Iran is operating a newer, more advanced centrifuge at the country's Pilot Fuel Enrichment Plant at Natanz, a State Department official who works on arms control and WMD issues has confirmed to FOX News.

U.S. officials were trying to determine the origin of the new centrifuges.

To enrich uranium to the high levels needed for a nuclear weapon, centrifuges are assembled in groups of 164 — known as "cascades."

Mastery of a single cascade is an extremely difficult process, but once that is achieved it is fairly easy for an industrialized country to attain a nuclear weapons capability because it requires only the building of more cascades and enough fissile uranium to feed into them.

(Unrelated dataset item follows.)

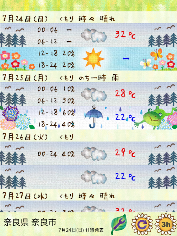 当日(夕方以降は翌日)の概要天気と最高・最低気温が表示されます。

Previously, Iran has been known to be operating P-1 centrifuges, a 1970s-era model; however, Iranian President Mahmoud Ahmadinejad has made some unverifiable boasts about experimentation with the P-2: The newer, faster model developed by Pakistan and sold on the black market to some rogue nations by the A.Q. Khan network.

"We're not certain that these are P-2s ... or a variant of it," the State Department official said.

The International Atomic Energy Agency, the U.N. nuclear watchdog, was expected to issue its latest report on the status of the Iranian nuclear program around Feb. 20, and will almost certainly provide more information about Iran's work with centrifuges.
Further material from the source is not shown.